The computer readable storage medium can be a tangible device that can retain and store instructions for use by an instruction execution device. The computer readable storage medium may be, for example, but is not limited to, an electronic storage device, a magnetic storage device, an optical storage device, an electromagnetic storage device, a semiconductor storage device, or any suitable combination of the foregoing. A non-exhaustive list of more specific examples of the computer readable storage medium includes the following: a portable computer diskette, a hard disk, a random access memory (RAM), a read-only memory (ROM), an erasable programmable read-only memory (EPROM or Flash memory), a static random access memory (SRAM), a portable compact disc read-only memory (CD-ROM), a digital versatile disk (DVD), a memory stick, a floppy disk, a mechanically encoded device such as punch-cards or raised structures in a groove having instructions recorded thereon, and any suitable combination of the foregoing. A computer readable storage medium, as used herein, is not to be construed as being transitory signals per se, such as radio waves or other freely propagating electromagnetic waves, electromagnetic waves propagating through a waveguide or other transmission media (e.g., light pulses passing through a fiber-optic cable), or electrical signals transmitted through a wire.


Computer readable program instructions described herein can be downloaded to respective computing/processing devices from a computer readable storage medium or to an external computer or external storage device via a network, for example, the Internet, a local area network, a wide area network and/or a wireless network. The network may comprise copper transmission cables, optical transmission fibers, wireless transmission, routers, firewalls, switches, gateway computers and/or edge servers. A network adapter card or network interface in each computing/processing device receives computer readable program instructions from the network and forwards the computer readable program instructions for storage in a computer readable storage medium within the respective computing/processing device.


Computer readable program code/instructions for carrying out operations may be assembler instructions, instruction-set-architecture (ISA) instructions, machine instructions, machine dependent instructions, microcode, firmware instructions, state-setting data, configuration data for integrated circuitry, or either source code or object code written in any combination of one or more programming languages, including an object oriented programming language such as Smalltalk, C++, or the like, and procedural programming languages, such as the “C” programming language or similar programming languages. The computer readable program instructions may execute entirely on the user's computer, partly on the user's computer, as a stand-alone software package, partly on the user's computer and partly on a remote computer or entirely on the remote computer or server. In the latter scenario, the remote computer may be connected to the user's computer through any type of network, including a local area network (LAN) or a wide area network (WAN), or the connection may be made to an external computer (for example, through the Internet using an Internet Service Provider). In some embodiments, electronic circuitry including, for example, programmable logic circuitry, field-programmable gate arrays (FPGA), or programmable logic arrays (PLA) may execute the computer readable program instructions by utilizing state information of the computer readable program instructions to personalize the electronic circuitry, in order to perform aspects or operations.

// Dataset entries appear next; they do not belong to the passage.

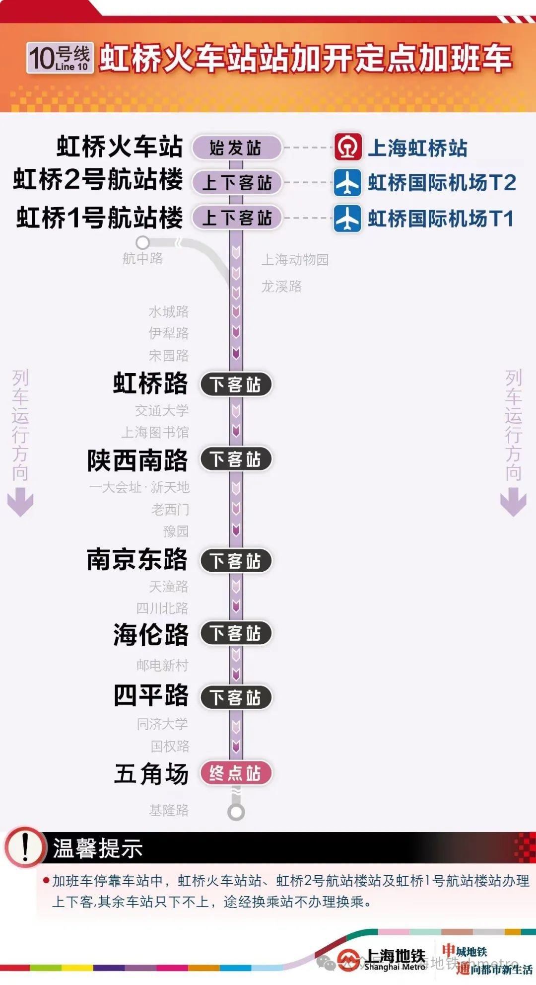 今日,10號(hào)線虹橋火車站加班車延長(zhǎng)至2月18日2:30。其中,10號(hào)線虹橋火車站站往五角場(chǎng)站方向定點(diǎn)加班車沿途僅停靠虹橋火車站站、虹橋2號(hào)航站樓站、虹橋1號(hào)航站樓站、虹橋路站、陜西南路站、南京東路站、海倫路站、四平路站、五角場(chǎng)站,其余車站跳停。??寇囌局校鐦蚧疖囌菊?、虹橋2號(hào)航站樓站、虹橋1號(hào)航站樓站可同時(shí)上下客,其余車站只下不上,途經(jīng)換乘站不可換乘。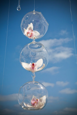 The designer used glass stands, and hung the tier dropped glass globes with orchids inside. The flowers were gorgeous, and so was the ceremony site!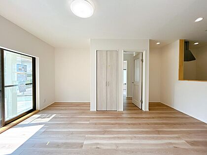 【リフォーム済】1階洋室6帖です。建具の交換、フローリング張り、クロスの張替え、照明器具交換を行いました。ウォークインクローゼットを新設。お部屋のスペースを存分に生かせる空間です。
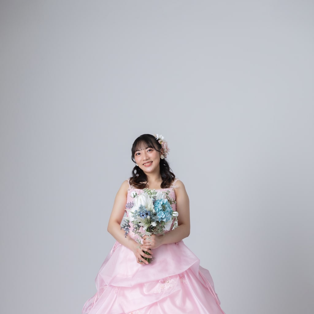 ご新郎様からブーケを貰ってにこにこなご新婦様♡ 水色のブーケとピンクのドレス、色鮮やかでとても可愛い♫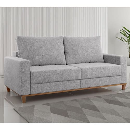 O estofado Living Livia é uma opção elegante e confortável para a sua sala de estar. Com 1,80m de largura, acomoda até 3 pessoas com praticidade, possui pés de madeira que garantem charme e resistência. Suas almofadas removíveis, preenchidas com 100% fibra siliconada, oferecem maciez extra. O assento é composto por espuma D23, manta de fibra siliconada e 1 mola Bonnel de 10cm no centro de cada assento.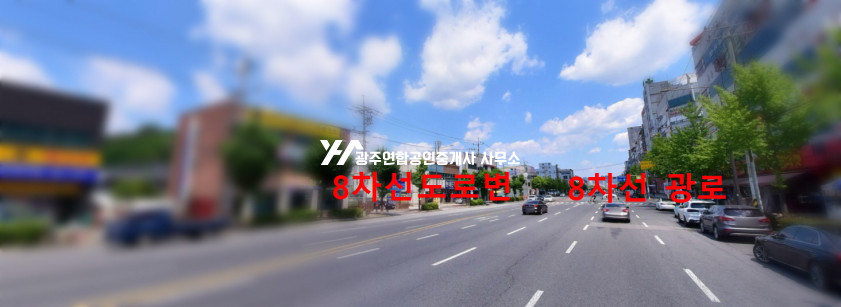 8차선 광로에 접하여서 많은 유동차량이 있고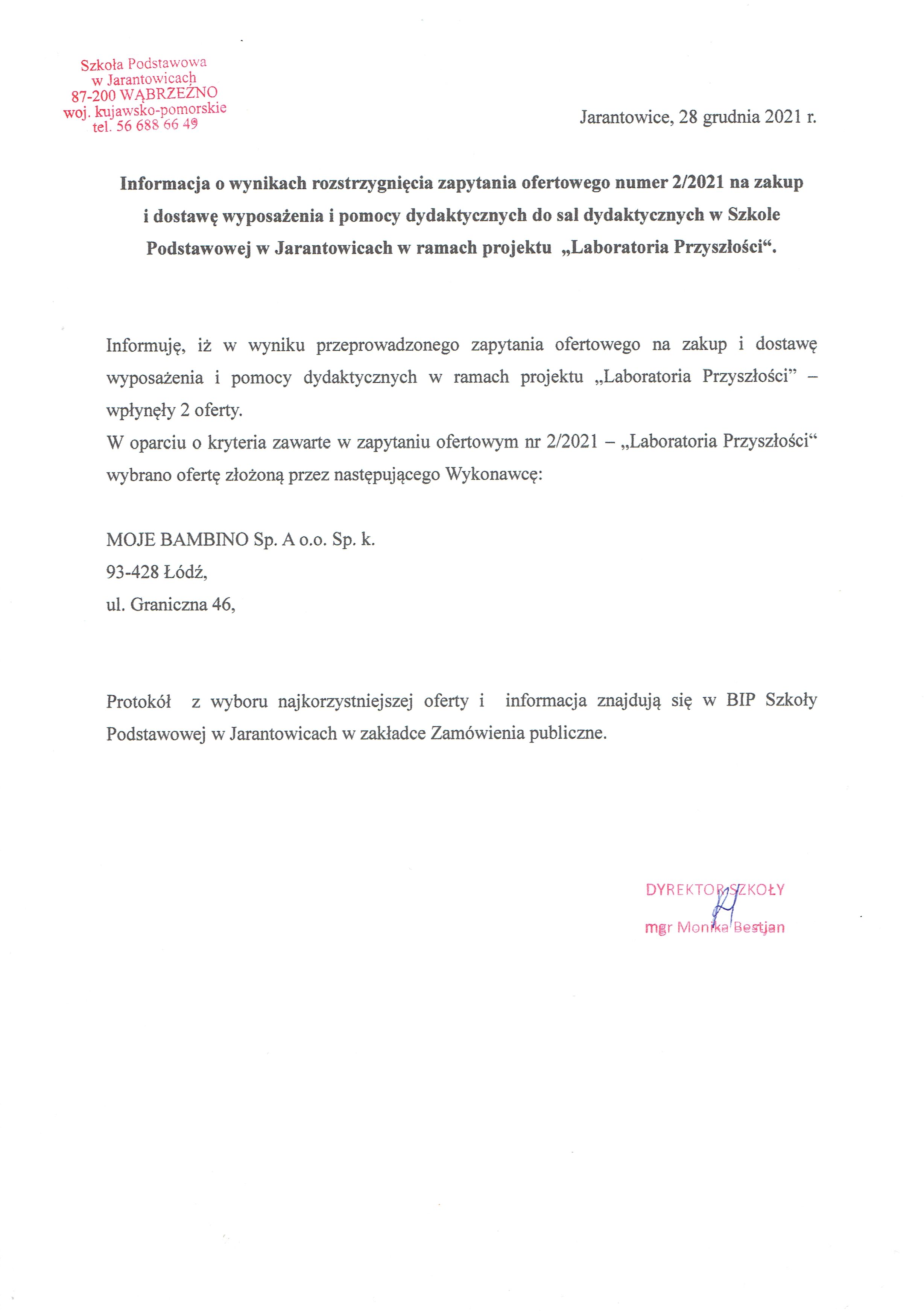 | zaproszenie do złożenia ofery cenowej - pomoce dydakt. | usunięty: 11:54, 28.12.2021 | przez: Monika Bestjan | |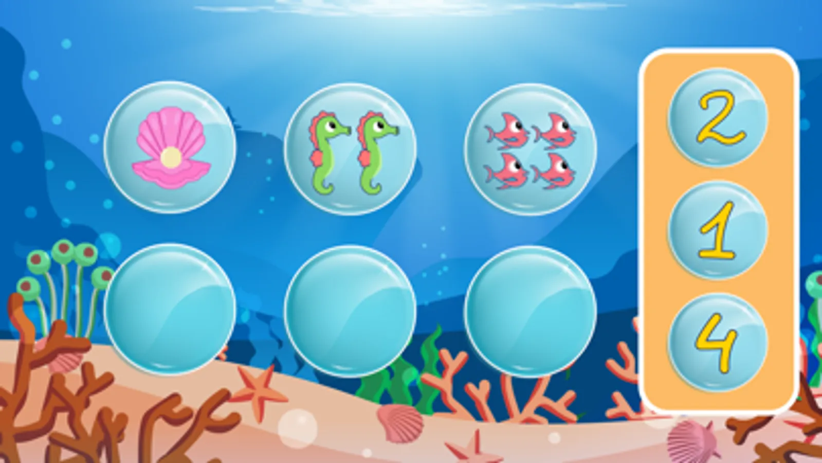 Learning has never been this enjoyable! In the "Bubbles" game, babies, kids and toddlers will pop bubbles to reveal numbers and colors, fostering their understanding of counting and basic arithmetic. In "Matching Fishes," kids will have a splashing good time while honing their memory and concentration skills.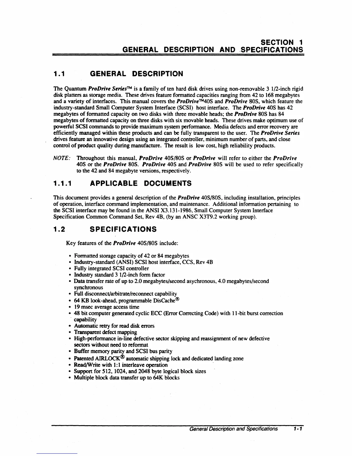 Small Computer System Interface (SCSI) host interface. The ProDrive 40S has 42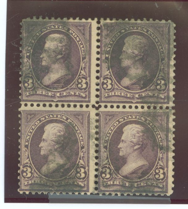 1895 Jackson. Purple. Block of 4. Thin and pencil note. Perf 12. APS Stamp Id: 501957113 APS Seller Id: 580678 Hinge Type: Not Specified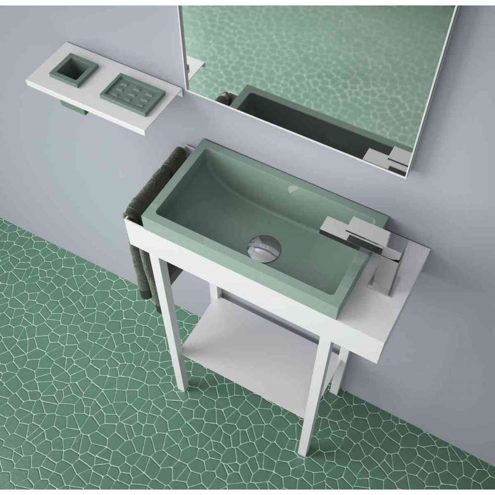 Metalowa umywalka z malowanej stali nierdzewnej AISI 304, ze zintegrowanymi uchwytami na ręczniki i półką. Umywalka z Vetrofreddo®

These computer readable program instructions may be provided to a processor of a general purpose computer, special purpose computer, or other programmable data processing apparatus to produce a machine, such that the instructions, which execute via the processor of the computer or other programmable data processing apparatus, create means for implementing the functions/acts specified in the flowchart and/or block diagram block or blocks. These computer readable program instructions may also be stored in a computer readable storage medium that can direct a computer, a programmable data processing apparatus, and/or other devices to function in a particular manner, such that the computer readable storage medium having instructions stored therein comprises an article of manufacture including instructions which implement aspects of the function/act specified in the flowchart and/or block diagram block or blocks.


The computer readable program instructions may also be loaded onto a computer, other programmable data processing apparatus, or other device to cause a series of operational steps to be performed on the computer, other programmable apparatus or other device to produce a computer implemented process, such that the instructions which execute on the computer, other programmable apparatus, or other device implement the functions/acts specified in the flowchart and/or block diagram block or blocks.


The flowchart and block diagrams in the Figures illustrate the architecture, functionality, and operation of possible implementations of systems, methods, and computer readable media according to various embodiments. In this regard, each block in the flowchart or block diagrams may represent a module, segment, or portion of instructions, which comprises one or more executable instructions for implementing the specified logical function(s). The method, computer system, and computer readable medium may include additional blocks, fewer blocks, different blocks, or differently arranged blocks than those depicted in the Figures. In some alternative implementations, the functions noted in the blocks may occur out of the order noted in the Figures. For example, two blocks shown in succession may, in fact, be executed concurrently or substantially concurrently, or the blocks may sometimes be executed in the reverse order, depending upon the functionality involved. It will also be noted that each block of the block diagrams and/or flowchart illustration, and combinations of blocks in the block diagrams and/or flowchart illustration, can be implemented by special purpose hardware-based systems that perform the specified functions or acts or carry out combinations of special purpose hardware and computer instructions.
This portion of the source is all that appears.